**The problem:** Write out, word for word and with no pictures, each line below from the one containing "Blues vs. Predators" through the one containing "Nikel (yüzük, küpe, vb), makyaj", both included, and no other line.

**Dataset records:**
- - - - -
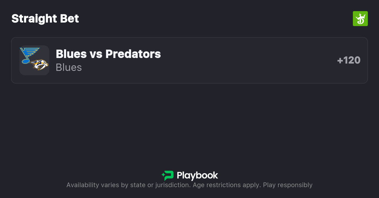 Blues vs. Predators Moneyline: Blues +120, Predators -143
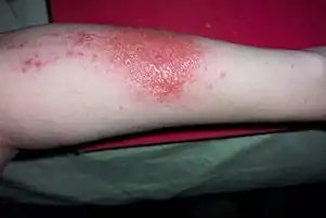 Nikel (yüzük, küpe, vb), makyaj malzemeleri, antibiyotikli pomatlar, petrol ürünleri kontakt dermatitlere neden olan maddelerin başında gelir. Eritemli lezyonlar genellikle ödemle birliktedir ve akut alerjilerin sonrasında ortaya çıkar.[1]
- - - - -
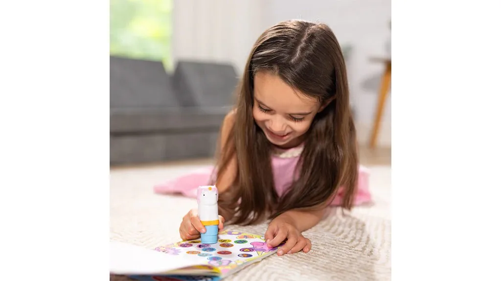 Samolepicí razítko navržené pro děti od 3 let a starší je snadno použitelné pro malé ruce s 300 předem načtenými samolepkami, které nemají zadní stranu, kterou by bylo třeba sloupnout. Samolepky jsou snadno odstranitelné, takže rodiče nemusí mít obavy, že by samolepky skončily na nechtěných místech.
- - - - -
**Exercise response:**
 Blues vs. Predators Moneyline: Blues +120, Predators -143
 Nikel (yüzük, küpe, vb), makyaj malzemeleri, antibiyotikli pomatlar, petrol ürünleri kontakt dermatitlere neden olan maddelerin başında gelir. Eritemli lezyonlar genellikle ödemle birliktedir ve akut alerjilerin sonrasında ortaya çıkar.[1]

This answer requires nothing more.